Step 1: Determine Design Loads

Dead Load (DL) = self-weight of beam + floor/wall loads
Live Load (LL) per IS 875 Part 2
Factored Load w_u = 1.5(DL + LL)

Step 2: Calculate Design Moments and Shears

For simply supported beam of span L:
M_u = w_uL²/8 (UDL)
V_u = w_uL/2

Step 3: Preliminary Sizing

From IS 456 Cl. 23.2.1, for simply supported beam: d/l ≥ 1/20 (basic ratio)
Modified by f_s factor and flange effect.

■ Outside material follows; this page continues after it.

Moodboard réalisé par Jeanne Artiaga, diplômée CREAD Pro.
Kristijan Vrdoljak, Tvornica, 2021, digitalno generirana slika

Rule of thumb: d ≈ L/15 for residential spans.

Step 4: Check if Singly or Doubly Reinforced

If M_u ≤ M_u,lim → singly reinforced
If M_u > M_u,lim → doubly reinforced (add compression steel)

Step 5: Calculate Tension Steel Area (Singly Reinforced)

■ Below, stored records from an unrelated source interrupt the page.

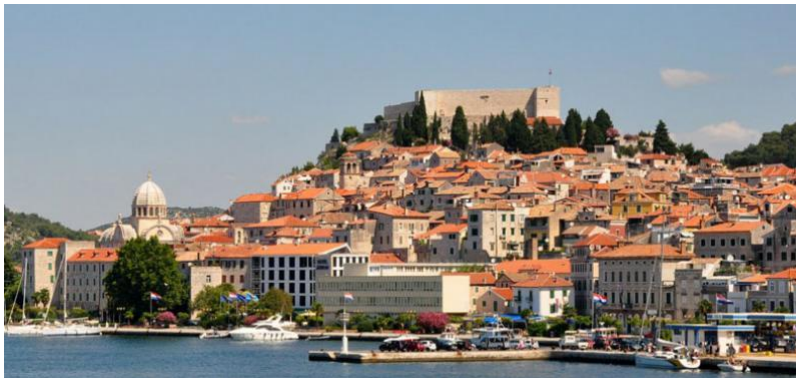
Slika 1. Šibenik

Izvor: http://mok.hr/ , 24. kolovoza 2016.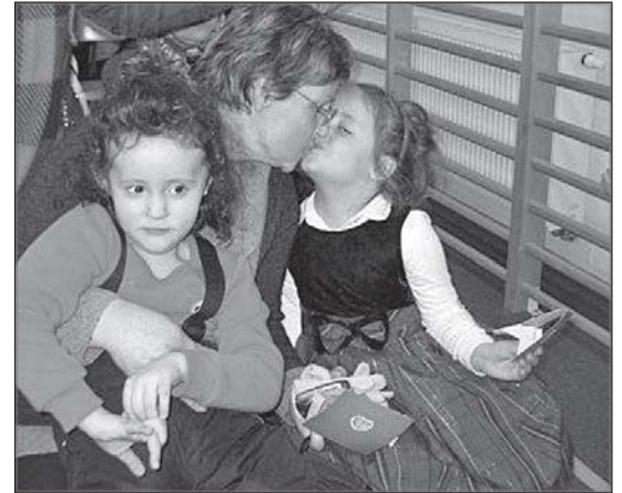
> Nie ma jak to babcia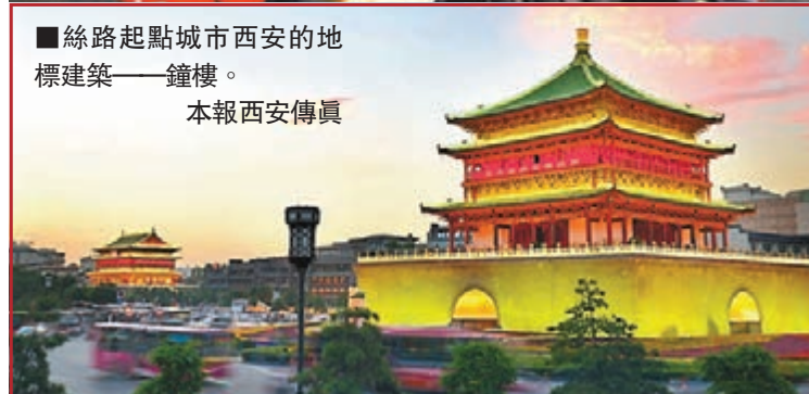
絲路起點城市西安的地標建築——鐘樓。本報西安傳真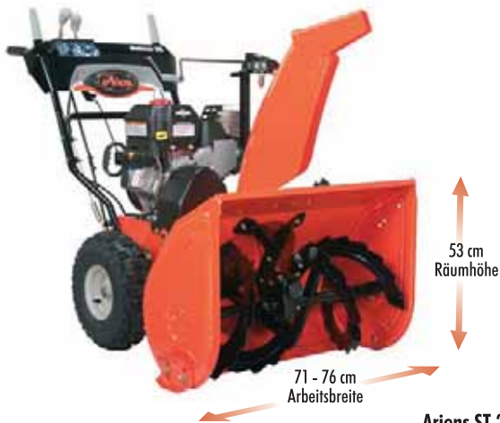
Ariens ST 28 DLE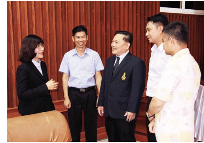
โครงการสัมมนาเชิงปฏิบัติการ สร้างขอนแก่นให้เป็นเมืองนิเวศน์ ด้วยแนวทางการพัฒนา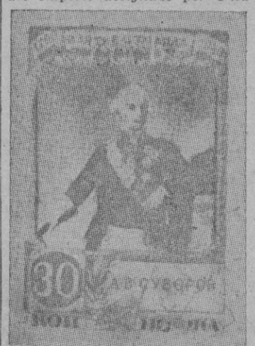
Una II y luego Comandante General del Ejército del Czar Pablo I en 1799. Exaltación que demuestra la mentalidad ambigua y la megalomanía del despota rojo, el cual después de haber intentado destruir todo recuerdo del pasado, quisiera ahora atenuar sus consecuencias restaurando viejos inocos, incluso la autoridad religiosa de los Papas de las viejas creencias, y se dedica incluso, a exponer a la vista de un pueblo huérfano de ideales, substituyendo la hoz y el martillo las efigies de aquellos que en la Rusia zarista, representaban la invasión del occidente europeo, en especial después de la guerra de siete años culminada con la ocupación de Prusia y de Berlín, como consecuencia de la victoria de Kunersdorf.

La reproducción del retrato del General en algo que tanta difusión tiene como un sello hace suponer que al recordar Stalin el 150 aniversario de la victoria obtenida por aquel sobre los turcos en Turtukai en 1771, siente por el difunto Príncipe admiración porque recuerda seguramente que fué el propio Mariscal quien dominó la insurrección del Cáucaso, la de Besarabia y la de Polonia, y llevó su poderoso Ejército en el valle del Po, batiendo a los franceses en Cassano y ocupando el Piemonte.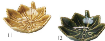
陶器・カエデ珍味入 11 (27876) 黄瀬戸 390円 12 (27875) 織部 390円 約8×8.5×H2.9cm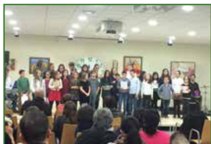
Gran éxito de participación no Concerto de Nadal da Aula de Música de Oroso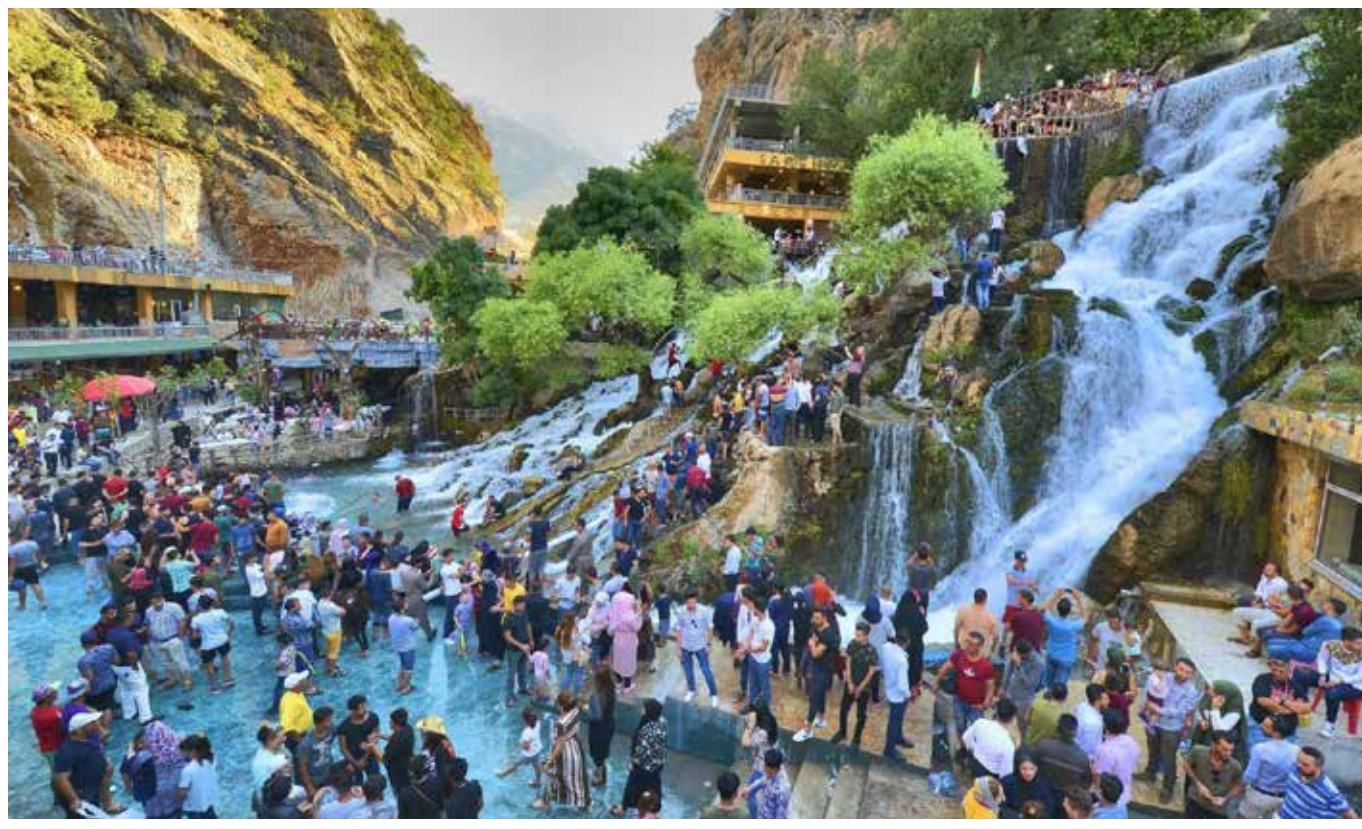
هروب جماعي للمواطنين الى شلالات جبال كردستان بسبب ارتفاع درجات الحرارة

وفيما إذا كانت هذه التعليمات كافية لضبط الدعاية، يؤكد ضياء الدين لـ "طريق الشعب"، على أنه "بشكل عام تعتبر هذه التعليمات هي الضابط الوحيد لعملية

M_u = 0.87 × f_y × A_st × d × [1 - (A_st × f_y) / (b × d × f_ck)]

Rearrange as quadratic in A_st, or use design tables from SP 16.

Step 6: Shear Design

Nominal shear stress: τ_v = V_u / (b × d)
Design shear strength of concrete: τ_c from IS 456 Table 19 (depends on %A_st and f_ck)
If τ_v > τ_c: provide shear reinforcement
V_us = V_u - τ_c·b·d
Spacing of 2-legged stirrups: s_v = 0.87·f_y·A_sv·d / V_us

Step 7: Deflection Check

IS 456 Cl. 23.2.1: l/d ≤ (basic ratio) × k_t × k_c × k_f
For simply supported, Fe 415, 100A_st/bd ≈ 0.5%: basic ratio = 26, k_t ≈ 1.5, effective l/d ≤ 39

Worked Example — Simply Supported Beam

Given: Simply supported beam, effective span = 6 m, factored UDL w_u = 50 kN/m. Materials: M 25 concrete, Fe 415 steel. Beam width b = 300 mm.

Solution:

1. Effective depth: Try d = L/15 = 6000/15 = 400 mm. Use D = 450 mm, d = 415 mm (cover 25 mm + 10 mm bar)

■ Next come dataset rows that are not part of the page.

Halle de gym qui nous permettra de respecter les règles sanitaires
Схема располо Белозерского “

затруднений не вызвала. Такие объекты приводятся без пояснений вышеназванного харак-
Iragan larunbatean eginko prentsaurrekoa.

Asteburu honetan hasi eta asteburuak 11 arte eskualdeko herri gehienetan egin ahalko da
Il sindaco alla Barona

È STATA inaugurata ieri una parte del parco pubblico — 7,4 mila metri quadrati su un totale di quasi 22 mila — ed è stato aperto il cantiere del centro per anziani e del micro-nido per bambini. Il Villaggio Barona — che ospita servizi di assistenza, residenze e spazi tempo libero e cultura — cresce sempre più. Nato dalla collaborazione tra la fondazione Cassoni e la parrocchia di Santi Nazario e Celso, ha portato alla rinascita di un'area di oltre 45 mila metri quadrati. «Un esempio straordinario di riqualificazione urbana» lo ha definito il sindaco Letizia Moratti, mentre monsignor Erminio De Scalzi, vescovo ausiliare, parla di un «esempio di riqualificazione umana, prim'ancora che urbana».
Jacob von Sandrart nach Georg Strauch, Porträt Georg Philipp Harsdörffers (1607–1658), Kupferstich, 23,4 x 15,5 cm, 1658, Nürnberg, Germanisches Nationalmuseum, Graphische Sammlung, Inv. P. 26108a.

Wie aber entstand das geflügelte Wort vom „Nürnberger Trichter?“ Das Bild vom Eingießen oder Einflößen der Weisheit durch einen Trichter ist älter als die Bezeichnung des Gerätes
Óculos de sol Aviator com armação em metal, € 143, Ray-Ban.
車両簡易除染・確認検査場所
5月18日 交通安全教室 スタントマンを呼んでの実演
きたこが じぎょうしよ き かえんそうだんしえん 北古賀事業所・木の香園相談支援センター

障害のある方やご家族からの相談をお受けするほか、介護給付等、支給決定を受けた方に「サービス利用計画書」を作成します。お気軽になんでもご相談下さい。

2. Design Moment: M_u = 50 × 6²/8 = 225 kN·m

3. M_u,lim: = 0.1389 × 300 × 415² × 25 = 179.7 kN·m < 225 kN·m → Doubly reinforced beam required

Revise depth: Try D = 550 mm, d = 515 mm

M_u,lim = 0.1389 × 300 × 515² × 25 = 276.8 kN·m > 225 kN·m → Singly reinforced ✓

4. Steel Area:
225 × 10⁶ = 0.87 × 415 × A_st × 515 × [1 - A_st×415/(300×515×25)]
Solving: A_st = 1373 mm²
Use 3 – 25φ bars: A_st provided = 3 × 491 = 1473 mm² ✓

5. Shear Design:
V_u = 50 × 6/2 = 150 kN
τ_v = 150000/(300×515) = 0.97 N/mm²
100A_st/bd = 100×1473/(300×515) = 0.95%
τ_c from Table 19 (M25, 0.95%): 0.61 N/mm²
V_us = 150000 - 0.61×300×515 = 55,585 N
Use 2-legged 8φ stirrups (A_sv = 100 mm²):
s_v = 0.87×415×100×515/55585 = 334 mm → Provide @ 200 mm c/c (also < 0.75d = 386 mm ✓)

6. Deflection Check:
l/d = 6000/515 = 11.65 << 20 (basic ratio) → Pass ✓

Detailing Requirements (IS 456 Cl. 26)

Minimum bar diameter: 10 mm for main steel
Maximum bar spacing: The greater of 25+d_g (where d_g = max agg size) or bar diameter
Side cover: 25 mm or bar diameter (whichever is more)
Anchorage of main bars: extend past supports by development length L_d = 47φ for Fe 415 in M25
Minimum stirrup diameter: 6 mm (IS 456 Cl. 26.5.1.6)

Frequently Asked Questions

What is the difference between singly and doubly reinforced beams?

A singly reinforced beam has steel only in the tension zone. A doubly reinforced beam has additional compression steel in the compression zone to increase M_u,lim when beam dimensions are constrained. Compression steel also reduces long-term creep deflections.

Why is Fe 500 preferred over Fe 415 in modern construction?

Fe 500 gives higher design stress (0.87 × 500 = 435 vs 361 N/mm²), requiring less steel area for the same moment — reducing steel consumption by ~10–15%. IS 456:2000 Amendment 3 recommends Fe 500D for ductile detailing in seismic zones.

What is SP 16 and how does it help in beam design?

SP 16 (Design Aids for Reinforced Concrete to IS 456:1978) contains charts and tables for direct determination of A_st, x_u/d, and moment capacity — eliminating repeated quadratic solutions. Still widely used for manual design and exam preparation.